I have one with a international 50w on it. Seems to be a nice rod for the price, I don't know how it will hold up I've only had it for about 2 weeks.


----------



## Attkisson (Aug 3, 2013)

Tex 79 said:


> I have one with a international 50w on it. Seems to be a nice rod for the price, I don't know how it will hold up I've only had it for about 2 weeks.
> View attachment 649266
> View attachment 649282


Have u hooked up on it yet? Does it look quality?


----------



## Tex 79 (Mar 13, 2012)

It's all knock off components of course, that's where the savings come in. But with a little care i think it will last. I've been washing it off then wiping it down with corrosion x after use. Looks to be well built for a $65 rod. I would buy another one if i needed another rod. I haven't hooked up on it yet, it's only been on one trip, but hopefully soon.


----------



## Attkisson (Aug 3, 2013)

Tex 79 said:


> It's all knock off components of course, that's where the savings come in.
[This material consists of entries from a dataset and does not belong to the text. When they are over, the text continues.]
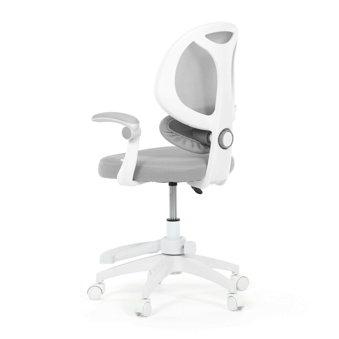 Detská kancelárska stolička v sivej sieťovine ponúka pohodlné a zdravé sedenie vďaka ergonomicky tvarovanému operadlu s nastaviteľnou bedrovou opierkou, ktorá podporuje správne držanie tela. Sedák je vyplnený mäkkou penou a potiahnutý priedušným materiálom, ktorý zabezpečuje cirkuláciu vzduchu počas dlhšieho používania. Odklápacie podrúčky umožňujú jednoduché prispôsobenie priestoru a lepšiu manipuláciu so stoličkou. Plastový kríž v bielej farbe je vybavený kolieskami vhodnými na hladké povrchy a zaisťuje stabilitu aj mobilitu. Výškovo nastaviteľný mechanizmus umožňuje individuálne nastavenie výšky sedáka podľa potreby dieťaťa.
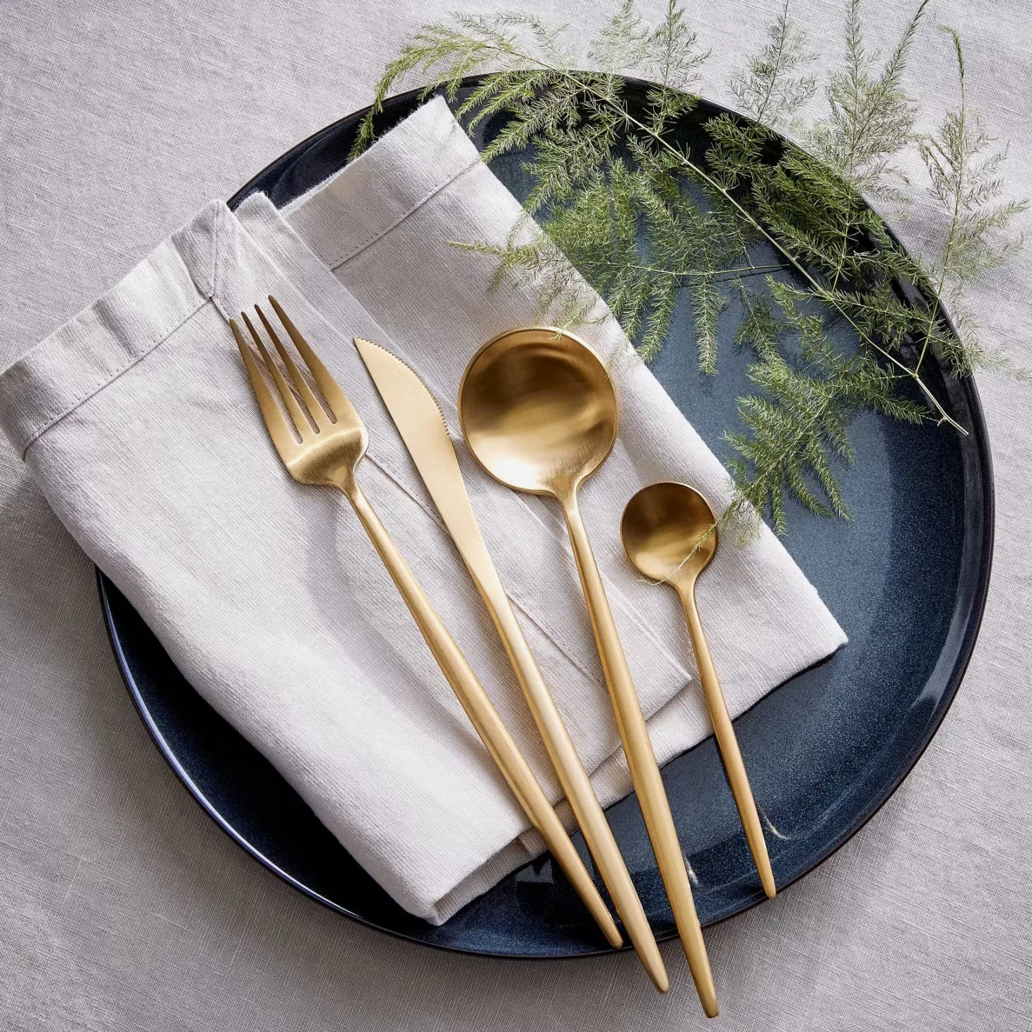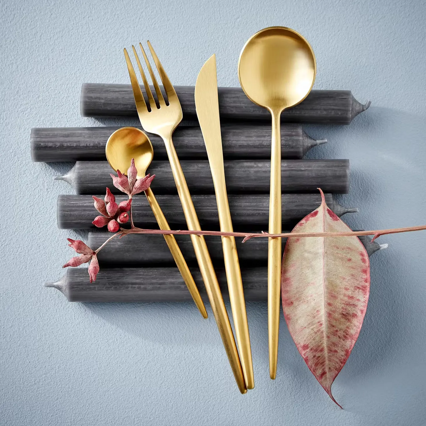 Für einen Wow-Effekt auf dem gedeckten Tisch sorgt das Stiletto Besteck aus Edelstahl. Sein puristisches Design mit spitz zulaufenden Griffen passt in seiner Klarheit perfekt zum nordischen Stil. Doch das edle Besteck sieht nicht nur gut aus: Beim Essen liegen Messer, Gabel und Löffel dank leicht runder Form gut und sicher in der Hand. 4-teiliges Set, weitere Varianten erhältlich.
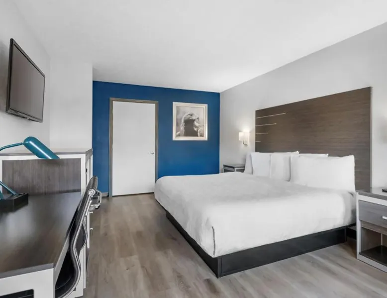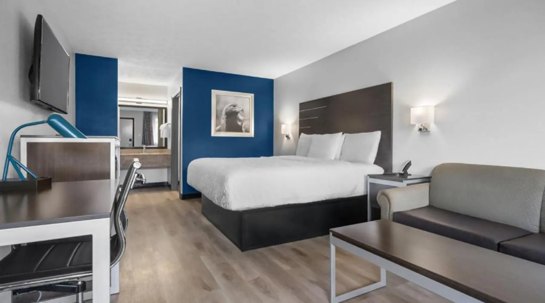Comfortable Accommodations: Auburn Lodge near University in Auburn offers air-conditioned rooms with private bathrooms, baths, hairdryers, coffee machines, refrigerators, work desks, microwaves, and TVs. Parquet floors enhance the welcoming atmosphere. Essential Facilities: Guests enjoy free WiFi, a lounge, 24-hour front desk, housekeeping service, outdoor seating area, picnic area, and bicycle parking. Free on-site parking is available. Breakfast and Dining: A continental breakfast with juice and pancakes is served daily. Additional amenities include a coffee machine and microwave. Prime Location: Located 3.1 mi from Auburn University and Jordan Hare Stadium, the hotel is 40 mi from Columbus Airport. Nearby attractions include the Tuskegee Airmen Museum (14 mi) and Jule Collins Smith Museum of Fine Art (2.5 mi). Guests appreciate the room cleanliness, attentive staff, and convenient location. This air-conditioned double room includes a flat-screen TV with cable channels and a private bathroom. The unit offers 1 bed.
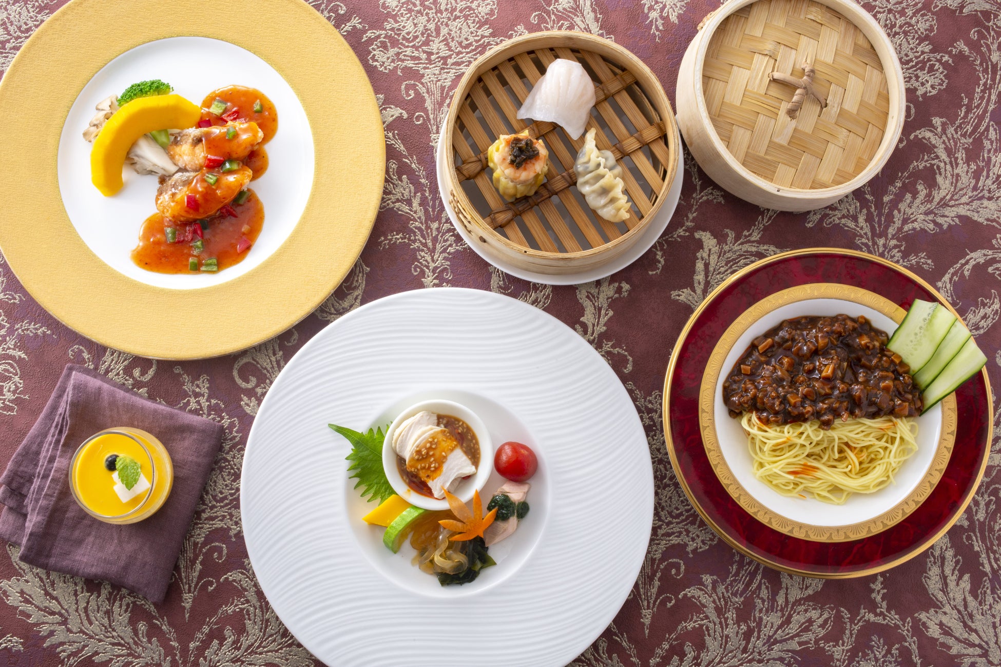 岩手県産の山海の幸を使用した中華前菜に始まり、コースの随所に魅力的な岩手県食材を散りばめたランチコース。蒸し点心は、焼売にはピリ辛の「ほろほろ漬け」をアクセントに利かせ、ふかひれ餃子には岩手県産の鮭を加えてより風味豊かに。またジャージャー麺は、岩手が誇るブランド肉・白金豚(プラチナポーク)を使用したコク深い味わいでお届けします。
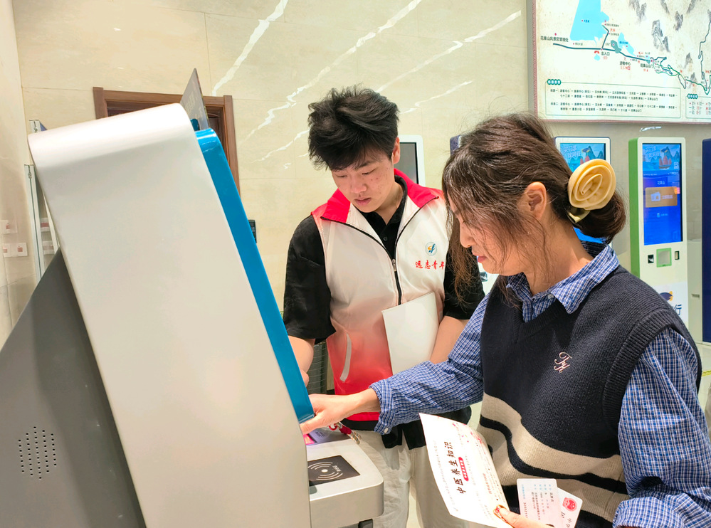 活动中,志愿者们各司其职,热情满满。在游客服务中心购票区,面对操作自动购票机面露难色的游客,志愿者们热情上前,耐心引导:“您先按出行人数选票数,填好手机号,再选支付方式付款,就能获取入园二维码啦。”经他们协助,游客顺利购票,原本紧皱的眉头也舒展开了。
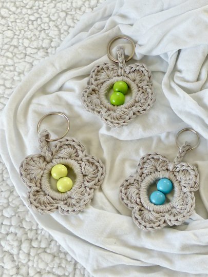 Mit den von mir verwendeten Materialien wird der Schlüsselanhänger ca. 6 cm groß.

But with a little care i think it will last. I've been washing it off then wiping it down with corrosion x after use. Looks to be well built for a $65 rod. I would buy another one if i needed another rod. I haven't hooked up on it yet, it's only been on one trip, but hopefully soon.


Thanks for the input I am looking at buying 4 rods 2 for use now and 2 spares probably buy 2 then 2 more after I have tried them and hooked up.


----------